In [None]:
# Install simple transformers
!pip install simpletransformers
from simpletransformers.classification import ClassificationModel
import pandas as pd
from sklearn.metrics import classification_report
import logging
import csv
import numpy as np

In [None]:
# Function to return classification report
def clf_report(labels, predictions):
    return classification_report(labels, predictions, output_dict=True)

## Train roBERTa

In [None]:

logging.basicConfig(level=logging.INFO)
transformers_logger = logging.getLogger("transformers")
transformers_logger.setLevel(logging.WARNING)

# Load training data
train_dataframe = pd.read_csv('train.txt', sep='\t', header=None, quoting=csv.QUOTE_NONE)
train_dataframe.columns = ['claim_labels', 'topic_sentences', 'claim_sentences', 'id', 'labels']
train_dataframe = train_dataframe[['topic_sentences', 'claim_sentences', 'labels']]
train_positive = train_dataframe[train_dataframe['labels']!=0]
train_negative = train_dataframe[train_dataframe['labels']==0]
num_pos = train_positive.shape[0]
# adopt negative sampling from IAM dataset
train_negative = train_negative.sample(n=5*num_pos, replace=False)
train_dataframe = train_positive.append(train_negative)

# Load dev set
dev_dataframe = pd.read_csv('dev.txt', sep='\t', header=None, quoting=csv.QUOTE_NONE)
dev_dataframe.columns = ['claim_labels', 'topic_sentences', 'claim_sentences', 'id', 'labels']
dev_dataframe = dev_dataframe[['topic_sentences', 'claim_sentences', 'labels']]

In [None]:
# Set training arguments - we use the same training arguemnts from the IAM dataset
train_args = {
    'evaluate_during_training': True,
    'evaluate_during_training_verbose': True,
    'max_seq_length': 128,
    'num_train_epochs': 10,
    'train_batch_size': 32,
    'labels_list': [0, 1, -1],
    'use_multiprocessing': False,
    'use_multiprocessing_for_evaluation': False,
    'overwrite_output_dir': True,
    'evaluate_during_training_steps': 100000
}

# load model
model = ClassificationModel('roberta' , num_labels=3, args=train_args, use_cuda=False)

# Train model 
model.train_model(train_dataframe, eval_df=dev_dataframe, clf_report=clf_report)

## Test

In [None]:
# Upload test set
test_df = pd.read_csv('test.txt', sep='\t', header=None, quoting=csv.QUOTE_NONE)
test_df.columns = ['claim_labels', 'topic_sentences', 'claim_sentences', 'id', 'labels']
test_df = test_df[['topic_sentences', 'claim_sentences', 'labels']]
# Evaluate on test set
model = ClassificationModel('roberta', 'outputs/best_model/')
result, model_outputs, wrong_predictions = model.eval_model(test_df, clf_report=clf_report)

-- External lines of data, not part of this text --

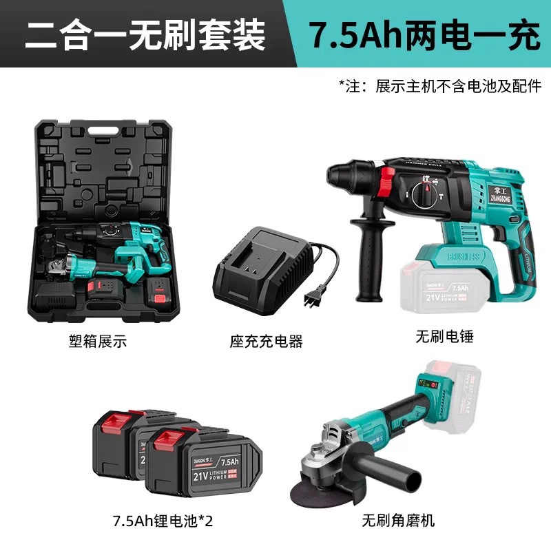 - 型號:電錘7.5Ah兩電一充+角磨機
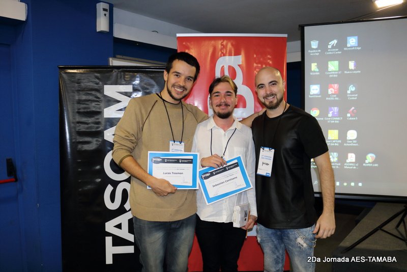 Como corolario de una jornada que resultó extensa, pero extremadamente enriquecedora, no solo desde lo académico, sino también desde lo personal, se entregaron los certificados, premios y menciones especiales a los ganadores de la 1er Competencia de Mezcla AES-TAMABA. De ésta manera Mathias Corfield (2º año TN), Manuel Clemente (1º año TM) y Daniel Amarilla (3º año TN) se alzaron con sus premios correspondientes al 1º, 2º y 3º lugar respectivamente.
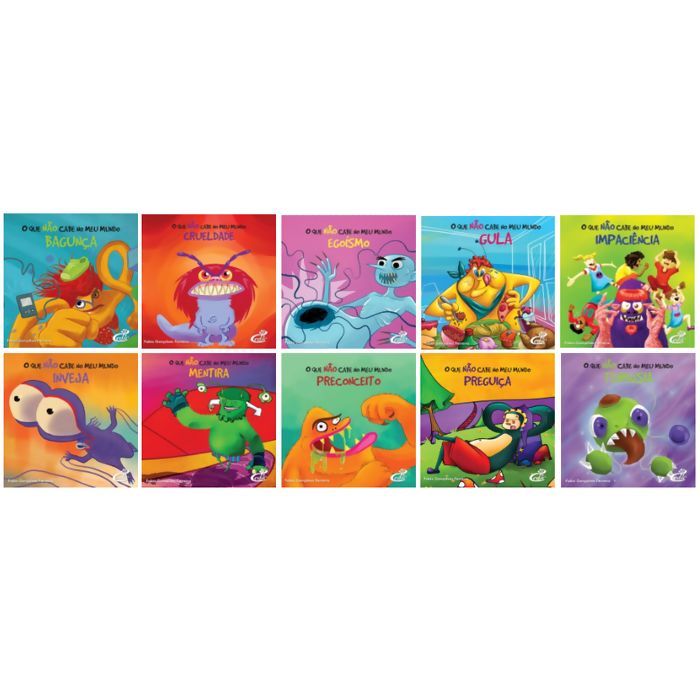 10 livros com histórias de "desvalores": Cada livro aborda um comportamento negativo específico, como a bagunça, a crueldade, o egoísmo, a gula, a impaciência, a inveja, a mentira, o preconceito, a preguiça e a teimosia.
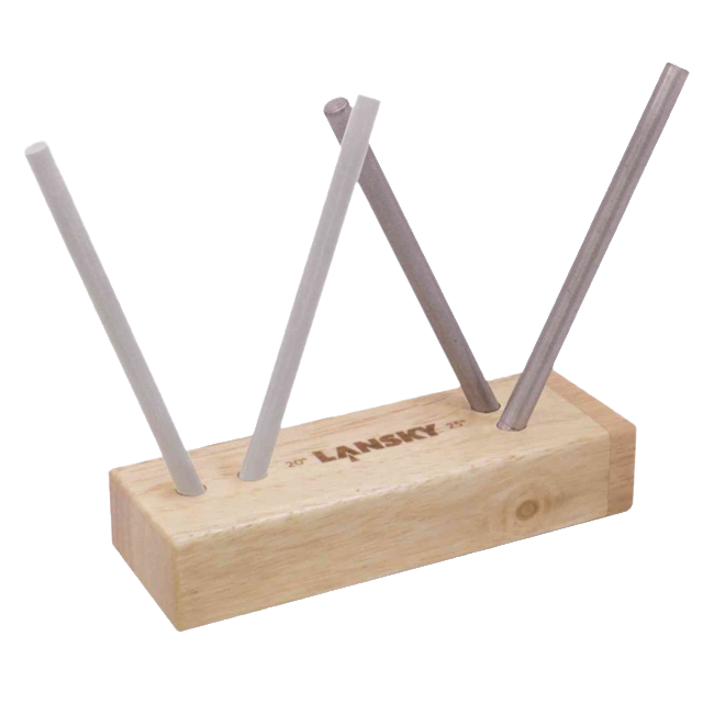 Одна або декілька пар отворів свердлити в дерев’яному бруску під різними кутами відносно один одного. Після цього пара точильних каменів може бути встановлена у відповідну пару отворів – і можна здійснювати заточку! Після закінчення роботи точильні камені можуть бути прибрані – брусок-основа має відсік для зберігання точильних каменів.
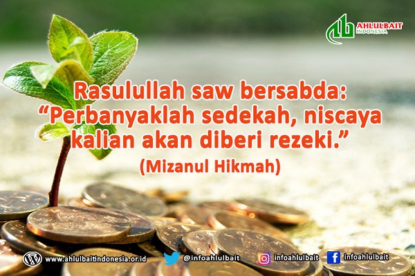 Rasulullah saw bersabda: “Perbanyaklah sedekah, niscaya kalian akan diberi rezeki.” (Mizanul Hikmah)
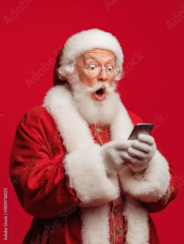 © Johannes, Naklejka premium surprised funny amazed old bearded santa claus wearing costume holding cell phone using mobile app on smartphone shocked by christmas promotion xmas applications ads isolated on red background no log
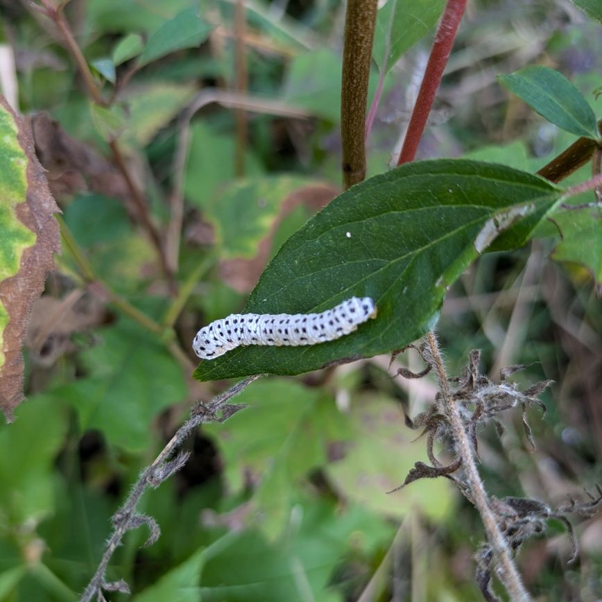 In our gardens and plant production areas, we only manage insect pests as a last resort. Most pest species cause an aesthetic problem rather than a plant health one, and natural regulation like predators and parasites make it so we rarely have to intervene. When we do have to intervene we opt for manual removal of the pest or utilizing biological controls. There are thousands of insect species that host on a great majority of our plants, so insecticide isn’t an option.

predictions = list(np.argmax(model_outputs, axis=-1))
label_map = {0: 0, 1: 1, 2: -1}
predictions = [label_map[x] for x in predictions]

# Add predictions to file
with open('outputs/claims_stance_result.txt', 'w') as f:
	for x in predictions:
	    f.write(str(x)+'\n')

## Synonym

In [None]:
# Upload data
test_df = pd.read_csv('verb-replacement-synoym.txt', sep='\t', header=None, quoting=csv.QUOTE_NONE)
test_df.columns = ['topic_sentences', 'claim_sentences', 'labels','none']
test_df = test_df[['topic_sentences', 'claim_sentences', 'labels']]
# Evaluate set
model = ClassificationModel('roberta', 'outputs/best_model/')
result, model_outputs, wrong_predictions = model.eval_model(test_df, clf_report=clf_report)

predictions = list(np.argmax(model_outputs, axis=-1))
label_map = {0: 0, 1: 1, 2: -1}
predictions = [label_map[x] for x in predictions]

# Add predictions to file
with open('outputs/synonym_predictions.txt', 'w') as f:
	for x in predictions:
	    f.write(str(x)+'\n')

Running Evaluation:   0%|          | 0/884 [00:00<?, ?it/s]

## Antonym

In [None]:
# Upload data
test_df = pd.read_csv('verb-replacement-antonym.txt', sep='\t', header=None, quoting=csv.QUOTE_NONE)
test_df.columns = ['topic_sentences', 'claim_sentences', 'labels']
test_df = test_df[['topic_sentences', 'claim_sentences', 'labels']]
# Evaluate set
model = ClassificationModel('roberta', 'outputs/best_model/')
result, model_outputs, wrong_predictions = model.eval_model(test_df, clf_report=clf_report)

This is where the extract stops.